He knew that though their love for each other had endured and would always endure, it had been temporarily submerged by a smothering weight of guilt and horror, and that until they had struggled free and could breathe again they had no desire for any active demonstration of it. That would return. But for the moment they were both in some way strangers to each other, because it was not only Anjuli who had changed. So much water had flowed under the bridges since they parted that even if they had met again under far happier circumstances it would have been surprising if they had found themselves able to pick up the threads again at the point where they had been cut off. But time was on their side – all the time in the world. They had come through the worst and were together again… the rest could wait.

He raised Anjuli's wrists and dropped a light kiss on each, and releasing her said: ‘That's all I wanted to know; and now that I know it I know too that as long as we are together nothing can really harm us again. You must believe that. Once you are my wife -’

‘Your wife –?’

‘What else? You can't think that I would lose you a second time.’

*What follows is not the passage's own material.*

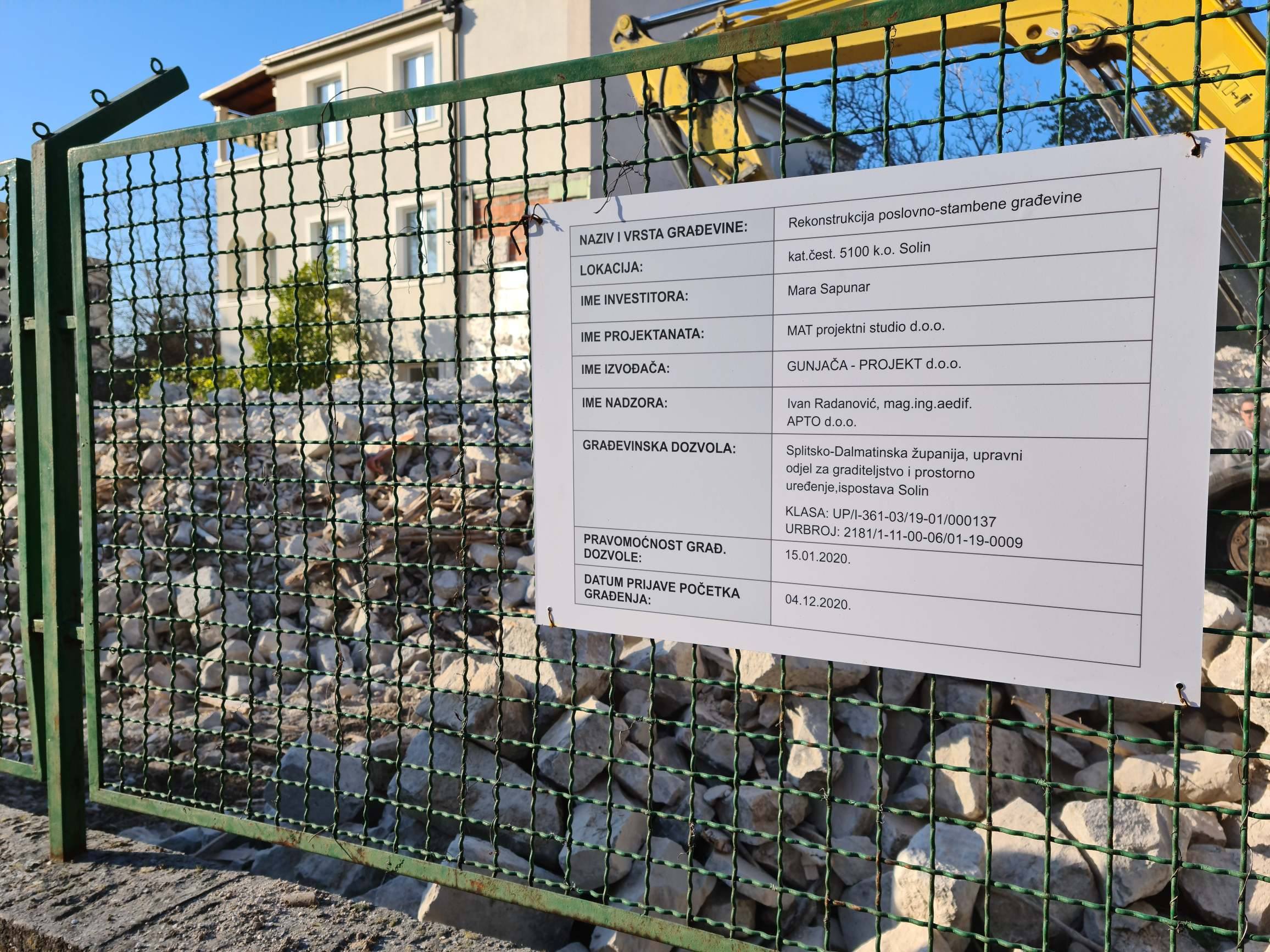 Netko je izdao građevnu dozvolu, netko je upoznat sa cijelim postupkom. Zašto na tabeli piše REKONSTRUKCIJA. Zar se i za to ne triba ishodovati potrebni papri. Ili rekonstrukcija podrazumjeva rušenje. Možda je ovi radnik u pravu pa će se izgradit virna kopija. I na to bi tribalo ponudit odgovore. Ma bojin se da nitko nema volje.

‘They will never permit you to marry me,’ said Anjuli with tired conviction.

‘The Bhithoris? They won't dare open their mouths!’

‘No, your people; and mine also, who will be of the same mind.’

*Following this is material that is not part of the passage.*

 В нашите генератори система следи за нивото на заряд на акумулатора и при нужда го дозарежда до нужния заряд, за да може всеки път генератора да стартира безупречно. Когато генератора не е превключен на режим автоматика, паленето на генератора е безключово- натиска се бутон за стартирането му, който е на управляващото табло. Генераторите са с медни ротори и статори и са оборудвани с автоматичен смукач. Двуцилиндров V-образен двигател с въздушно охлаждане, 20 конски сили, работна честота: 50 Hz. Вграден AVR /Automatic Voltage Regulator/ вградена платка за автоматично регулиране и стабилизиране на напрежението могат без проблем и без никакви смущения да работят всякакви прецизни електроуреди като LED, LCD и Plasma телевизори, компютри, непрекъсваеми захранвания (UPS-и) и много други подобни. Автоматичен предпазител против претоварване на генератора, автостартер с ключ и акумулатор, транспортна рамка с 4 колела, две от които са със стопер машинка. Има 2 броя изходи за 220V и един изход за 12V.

‘You mean they will try and prevent it. But it's no business of theirs. This is our affair: yours and mine. Besides, didn't your own grandfather marry a princess of Hind, though he was a foreigner and not of her faith?’

Anjuli sighed and shook her head again. ‘True. But that was in the days before your Raj had come to its full power. There was still a Mogul on the throne in Delhi and Ranjit-Singh held sway over the Punjab; and my grandfather was a great war-lord who took my grandmother as the spoils of war without asking any man's leave, having defeated the army of my grandmother's father in battle. I have been told that she went willingly, for they loved each other greatly. But the times have changed and that could not happen now.’

‘It's going to happen now, Heart's-dearest. There is no one who can forbid you to marry me. You're no longer a maid and therefore a chattel to be disposed of to the best advantage. Nor can anyone forbid me to marry you.’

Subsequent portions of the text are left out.